Невысокая продуктивность Лондона-новеллиста в этот период объясняется не только поездками по архипелагу, встречами с новыми людьми, необходимостью писать статьи для журналов (хотя и это играло свою роль), но и тем, что у него возник новый замысел и он решил плотно взяться за его осуществление. Речь о романе «Мартин Иден» — пожалуй, самом известном из произведений писателя. Здесь, на Гавайях, в августе 1907 года Джек Лондон и начал его писать. Продолжил в путешествии, отводя сочинительству (как свидетельствует Мартин Джонсон) по два часа с утра ежедневно. Даже погода не была для него помехой — спокойно было море или волновалось. Не являлось препятствием и самочувствие, а ведь известно, что Лондон болел (особенно на завершающем этапе путешествия).
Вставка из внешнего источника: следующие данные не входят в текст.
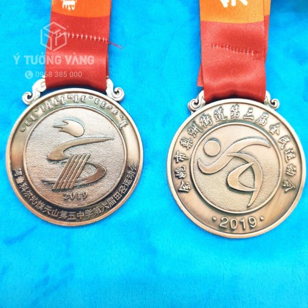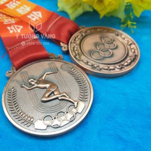Mẫu huy chương 04 có kiểu dáng mặt tròn đang là mẫu thiết kế thịnh hành hiện nay. Sản phẩm được chế tác từ chất liệu hợp kim đồng mang lại độ bền hoàn hảo. Cùng với đó là lớp mạ màu cao cấp giúp huy chương bền màu, giữ được độ sắc nét qua thời gian. Cả 2 mặt của tấm huy chương tạo điểm nhấn đặc sắc bởi những họa tiết hoa văn nổi bật, độc đáo. Một mặt đúc nổi hình ảnh vận động viên đang trong tư thế thi đấu với khát khao chiến thắng. Mặt còn lại của tấm huy chương là hình ảnh lá cờ 5 vòng tròn – biểu tượng tiêu biểu của thế vận hội Olympic. Qua đó biểu hiện được tinh thần thể thao cao thượng, đề cao hoạt động giao lưu, bình đẳng và thống nhất trong thể thao toàn cầu. Tổng thể đã tạo nên 1 tấm huy chương đẹp, đẳng cấp và đầy ý nghĩa, khiến ai cũng có thể cảm thấy vinh dự và tự hào khi được đeo lên cổ.

«Мы отплыли от Хило (Гавайские острова) 7 ноября и прибыли на Нукухива (Маркизские острова) 6 декабря», — читаем в русскоязычной версии «Путешествия на “Снарке”»[220]. Конечно, это ошибка (издательская?) — дотошные исследователи давно выяснили, что «Снарк» продолжил путешествие 6 октября 1907 года.
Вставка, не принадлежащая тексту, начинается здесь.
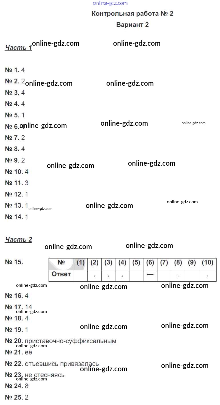 Готовые домашние задания по Русскому языку за 7 класс Рабочая тетрадь Александров, Александрова 2018 - КР-2. Варианты Контрольные работы 2

Из прежней команды на борту остались только чета Лондонов и Мартин Джонсон. Герберт Штольц вернулся в Штаты продолжать образование, Точиги страдал моребоязнью. Отделались (правда, не без труда!) и от Роско Эймса. Но Лондон вынужден был оплатить ему дорогу до Сан-Франциско и выдать жалованье — из расчета все тех же 50 долларов в месяц[221]. Дороговато, в общем-то, обошелся дядюшка Чармиан.
На Гавайях команда пополнилась новыми членами. Лондон, наконец, уяснил себе, что без опытного моряка в океане не обойтись и нанял Джеймса Лэнгхорна Уоррена. Персонаж этот примечательный: уже немолодой капитан-парусник с изрядным опытом хождения по южным морям, а еще… его только что выпустили из тюрьмы. Он сидел, будучи обвинен в убийстве, но улик оказалось недостаточно. Интересно, знала ли Чармиан, кого ее супруг подрядил управлять судном?
Точиги заменил местный японец (на Гавайях — большая японская диаспора, потомки эмигрантов, обосновавшихся на островах во второй половине XIX века) по имени Йошимáтцу Накáата. Вдобавок появился матрос — молодой человек, которого звали Герман де Виссер, а также повар, тоже из местных японцев, — Цунекиши Вада.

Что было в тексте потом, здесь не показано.